These are harmless. They are not errors, just opportunities for
optimization of the extent tree e2fsck can make.

> So I tried:
> 
> root@e1-ext4-2k /var/lib/xfstests # fsck /dev/loop5 -y 2>&1 > log
> e2fsck 1.47.2 (1-Jan-2025)
> root@e1-ext4-2k /var/lib/xfstests # wc -l log
> 16411 log

Can you share the log please?

> root@e1-ext4-2k /var/lib/xfstests # tail log
> 
> Free blocks count wrong for group #609 (62, counted=63).
> Fix? yes
> 
> Free blocks count wrong (12289, counted=12293).
> Fix? yes

These could potentially indicate some interesting issues but it depends on
what the above e2fsck messages are...

								Honza
Davidlohr Bueso April 15, 2025, 6:14 p.m.

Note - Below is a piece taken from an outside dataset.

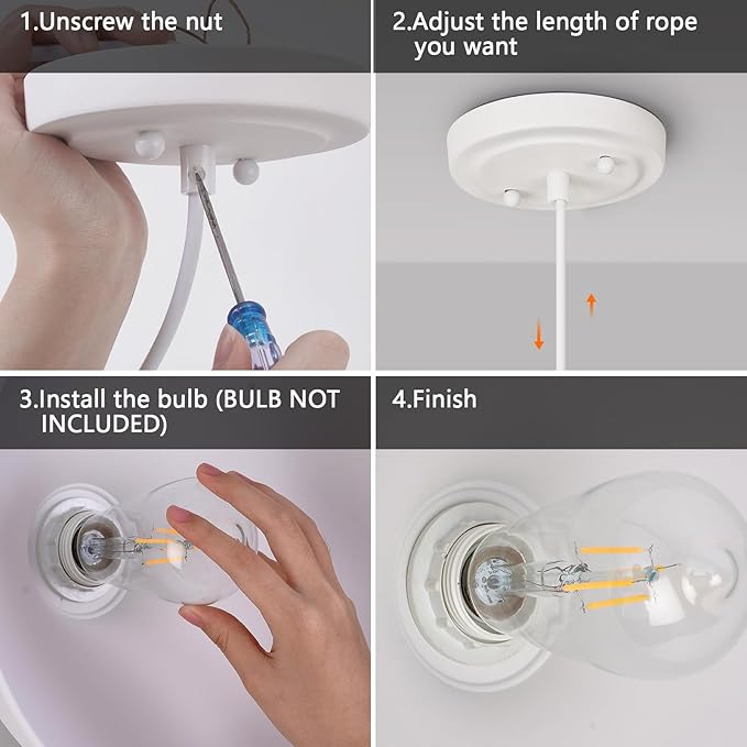 - [Easy Installation]: White pendant light fixtures Include all mounting hardwares for quick and easy installation.can be applied to the sloped ceiling for your space needs.

UTC | #14
On Tue, 15 Apr 2025, Jan Kara wrote:

>On Mon 14-04-25 18:36:41, Davidlohr Bueso wrote:
>> On Wed, 09 Apr 2025, Luis Chamberlain wrote:
>>
>> > corruption can still happen even with the spin lock held. A test was
>> > done using vanilla Linux and adding a udelay(2000) right before we
>> > spin_lock(&bd_mapping->i_private_lock) on __find_get_block_slow() and
>> > we can reproduce the same exact filesystem corruption issues as observed
>> > without the spinlock with generic/750 [1].
>>
>> fyi I was actually able to trigger this on a vanilla 6.15-rc1 kernel,
>> not even having to add the artificial delay.
>
>OK, so this is using generic/750, isn't it? How long did you have to run it
>to trigger this? Because I've never seen this tripping...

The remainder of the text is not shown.